Juan Valladares

Personal information
- Full name: Juan Ramon Valladares
- Nationality: Honduran
- Born: 22 January 1947 (age 79) Tegucigalpa, Honduras

Sport
- Sport: Long-distance running
- Event: 5000 metres

= Juan Valladares =

Honduran long-distance runner

Juan Ramon Valladares (born 22 January 1947) is a Honduran long-distance runner. During his career, he competed for Honduras at the 1968 Summer Olympics in the men's 5000 metres event. There, he placed last in his qualifying heat and did not advance to the finals of the competition.

==Biography==
Juan Ramon Valladares was born on 22 January 1947 in Tegucigalpa, Honduras. As an athlete, he competed for Honduras in international competition.
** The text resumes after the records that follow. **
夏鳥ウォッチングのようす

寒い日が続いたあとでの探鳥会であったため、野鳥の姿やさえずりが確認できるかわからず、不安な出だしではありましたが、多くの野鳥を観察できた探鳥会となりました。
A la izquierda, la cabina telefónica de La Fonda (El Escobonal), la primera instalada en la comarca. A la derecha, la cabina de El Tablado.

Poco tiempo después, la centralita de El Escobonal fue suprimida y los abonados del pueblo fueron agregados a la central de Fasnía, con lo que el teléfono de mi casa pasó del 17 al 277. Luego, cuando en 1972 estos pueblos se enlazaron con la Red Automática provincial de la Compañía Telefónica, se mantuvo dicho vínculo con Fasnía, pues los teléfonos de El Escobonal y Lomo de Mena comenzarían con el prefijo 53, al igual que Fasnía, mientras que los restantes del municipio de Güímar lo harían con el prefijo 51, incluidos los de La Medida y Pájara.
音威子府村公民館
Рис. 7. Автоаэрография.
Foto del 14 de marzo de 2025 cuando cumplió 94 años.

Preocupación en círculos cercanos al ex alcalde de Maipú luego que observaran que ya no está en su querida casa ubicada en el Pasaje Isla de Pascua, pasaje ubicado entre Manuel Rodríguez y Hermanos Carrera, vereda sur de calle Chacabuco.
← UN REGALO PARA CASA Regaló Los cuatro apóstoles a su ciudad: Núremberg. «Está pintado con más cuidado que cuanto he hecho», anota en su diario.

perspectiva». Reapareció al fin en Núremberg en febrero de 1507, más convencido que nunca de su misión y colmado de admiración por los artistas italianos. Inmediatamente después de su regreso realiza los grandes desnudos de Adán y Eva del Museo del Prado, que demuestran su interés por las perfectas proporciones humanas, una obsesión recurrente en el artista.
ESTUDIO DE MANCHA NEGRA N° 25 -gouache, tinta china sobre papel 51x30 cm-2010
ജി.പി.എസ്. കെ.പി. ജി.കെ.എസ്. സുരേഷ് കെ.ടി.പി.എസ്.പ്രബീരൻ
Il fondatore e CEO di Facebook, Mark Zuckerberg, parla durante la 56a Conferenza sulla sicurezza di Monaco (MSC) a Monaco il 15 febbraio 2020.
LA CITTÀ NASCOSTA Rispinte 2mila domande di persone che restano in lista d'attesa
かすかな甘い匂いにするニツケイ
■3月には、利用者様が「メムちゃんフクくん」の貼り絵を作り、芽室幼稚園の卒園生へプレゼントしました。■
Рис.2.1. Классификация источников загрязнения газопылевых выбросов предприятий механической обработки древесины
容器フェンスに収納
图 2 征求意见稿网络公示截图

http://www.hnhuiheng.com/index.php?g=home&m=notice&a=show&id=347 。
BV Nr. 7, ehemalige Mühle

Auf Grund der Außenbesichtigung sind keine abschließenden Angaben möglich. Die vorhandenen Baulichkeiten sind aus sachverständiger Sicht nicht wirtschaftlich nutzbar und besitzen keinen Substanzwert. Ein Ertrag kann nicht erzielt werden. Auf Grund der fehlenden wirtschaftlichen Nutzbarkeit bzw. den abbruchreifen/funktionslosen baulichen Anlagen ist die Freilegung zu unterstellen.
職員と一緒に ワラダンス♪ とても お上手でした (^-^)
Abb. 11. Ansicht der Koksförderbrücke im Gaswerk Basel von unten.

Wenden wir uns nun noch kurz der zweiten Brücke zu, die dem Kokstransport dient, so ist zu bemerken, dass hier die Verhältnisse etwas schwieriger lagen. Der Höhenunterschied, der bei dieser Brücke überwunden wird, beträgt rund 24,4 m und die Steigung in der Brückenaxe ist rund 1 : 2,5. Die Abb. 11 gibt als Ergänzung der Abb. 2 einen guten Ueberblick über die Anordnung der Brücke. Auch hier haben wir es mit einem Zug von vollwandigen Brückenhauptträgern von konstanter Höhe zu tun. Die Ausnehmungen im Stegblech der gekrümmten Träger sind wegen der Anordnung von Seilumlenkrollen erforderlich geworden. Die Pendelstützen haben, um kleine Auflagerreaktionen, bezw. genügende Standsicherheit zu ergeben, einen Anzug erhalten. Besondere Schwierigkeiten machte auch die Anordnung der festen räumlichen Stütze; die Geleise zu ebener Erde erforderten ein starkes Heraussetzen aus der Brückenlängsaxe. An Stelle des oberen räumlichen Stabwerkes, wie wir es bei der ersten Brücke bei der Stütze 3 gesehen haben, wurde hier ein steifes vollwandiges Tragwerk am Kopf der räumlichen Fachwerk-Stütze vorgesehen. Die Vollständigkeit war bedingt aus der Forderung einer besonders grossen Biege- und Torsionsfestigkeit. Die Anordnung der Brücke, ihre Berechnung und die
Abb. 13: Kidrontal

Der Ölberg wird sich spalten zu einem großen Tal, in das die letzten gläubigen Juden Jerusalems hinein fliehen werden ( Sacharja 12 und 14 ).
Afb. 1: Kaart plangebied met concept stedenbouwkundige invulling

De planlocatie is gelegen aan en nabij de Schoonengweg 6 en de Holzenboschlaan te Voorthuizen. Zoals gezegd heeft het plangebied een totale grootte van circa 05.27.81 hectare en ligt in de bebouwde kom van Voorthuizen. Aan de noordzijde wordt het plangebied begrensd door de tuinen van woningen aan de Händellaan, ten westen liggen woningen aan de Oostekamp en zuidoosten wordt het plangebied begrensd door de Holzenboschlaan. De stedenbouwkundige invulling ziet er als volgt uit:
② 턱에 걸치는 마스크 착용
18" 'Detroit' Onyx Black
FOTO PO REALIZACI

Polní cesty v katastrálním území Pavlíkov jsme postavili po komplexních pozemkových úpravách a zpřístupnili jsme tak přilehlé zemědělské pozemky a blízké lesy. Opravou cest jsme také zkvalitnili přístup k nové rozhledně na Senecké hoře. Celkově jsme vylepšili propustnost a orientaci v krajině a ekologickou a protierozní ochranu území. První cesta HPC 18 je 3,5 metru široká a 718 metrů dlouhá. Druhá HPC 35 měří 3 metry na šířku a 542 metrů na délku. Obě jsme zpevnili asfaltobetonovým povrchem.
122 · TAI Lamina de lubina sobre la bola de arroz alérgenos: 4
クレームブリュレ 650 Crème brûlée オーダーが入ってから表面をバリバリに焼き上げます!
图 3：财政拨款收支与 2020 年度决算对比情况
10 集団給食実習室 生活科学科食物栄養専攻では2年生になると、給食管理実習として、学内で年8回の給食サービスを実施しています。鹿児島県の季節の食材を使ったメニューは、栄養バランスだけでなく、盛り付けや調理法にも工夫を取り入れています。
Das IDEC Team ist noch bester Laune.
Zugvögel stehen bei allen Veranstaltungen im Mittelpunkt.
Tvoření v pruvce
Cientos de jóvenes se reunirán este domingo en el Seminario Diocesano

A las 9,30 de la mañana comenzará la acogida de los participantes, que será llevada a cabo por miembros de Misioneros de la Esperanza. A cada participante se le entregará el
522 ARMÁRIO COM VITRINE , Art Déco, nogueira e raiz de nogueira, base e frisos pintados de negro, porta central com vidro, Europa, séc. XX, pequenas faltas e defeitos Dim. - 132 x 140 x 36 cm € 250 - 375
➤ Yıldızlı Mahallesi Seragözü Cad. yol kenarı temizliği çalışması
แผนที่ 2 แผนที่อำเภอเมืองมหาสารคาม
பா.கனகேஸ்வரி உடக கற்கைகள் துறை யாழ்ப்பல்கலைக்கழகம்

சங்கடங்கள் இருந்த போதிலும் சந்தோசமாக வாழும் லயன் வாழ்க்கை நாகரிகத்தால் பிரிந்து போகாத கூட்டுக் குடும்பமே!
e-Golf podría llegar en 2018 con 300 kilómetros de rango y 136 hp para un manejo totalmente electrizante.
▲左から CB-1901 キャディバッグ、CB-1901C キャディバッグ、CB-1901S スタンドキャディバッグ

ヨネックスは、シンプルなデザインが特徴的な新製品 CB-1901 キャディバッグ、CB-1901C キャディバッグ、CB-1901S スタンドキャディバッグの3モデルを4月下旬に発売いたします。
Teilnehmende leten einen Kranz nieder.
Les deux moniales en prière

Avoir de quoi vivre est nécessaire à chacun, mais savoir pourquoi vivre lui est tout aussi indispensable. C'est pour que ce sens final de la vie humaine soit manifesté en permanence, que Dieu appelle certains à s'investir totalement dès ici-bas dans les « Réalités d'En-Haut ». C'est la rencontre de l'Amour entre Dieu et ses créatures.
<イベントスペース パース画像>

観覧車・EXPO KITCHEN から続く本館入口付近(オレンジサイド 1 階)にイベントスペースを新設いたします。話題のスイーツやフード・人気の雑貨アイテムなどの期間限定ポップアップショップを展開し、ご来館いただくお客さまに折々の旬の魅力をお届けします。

Valladares was selected to compete for Honduras at the 1968 Summer Olympics in Mexico City, Mexico, for the nation's first appearance at an Olympic Games. At the 1968 Summer Games, he was entered to compete in one event, the men's 5000 metres held at the Estadio Olímpico Universitario. At the time, he had a height of 169 cm and a weight of 57 kg. Valladares competed in the qualifying heats of the men's 5000 metres on 15 October 1968 in the first heat. He competed against 13 other competitors, namely: Esau Adenji, Bernd Dießner, Bob Finlay, Mohammed Gammoudi, Kipchoge Keino, György Kiss, Gabriel M'Boa, Emiel Puttemans, Keisuke Sawaki, Lou Scott, Rashid Sharafetdinov, Dick Taylor, and Mamo Wolde. Two other competitors, Efraín Cordero and Arne Risa, were also entered to compete in the event but eventually did not start the race. At the event, Valladares recorded a time of 18:21.6 and placed last, failing to advance further to the finals, as only the top five of each heat would be able to. His time was the second-slowest time recorded by a competitor that completed the race in any of the heats.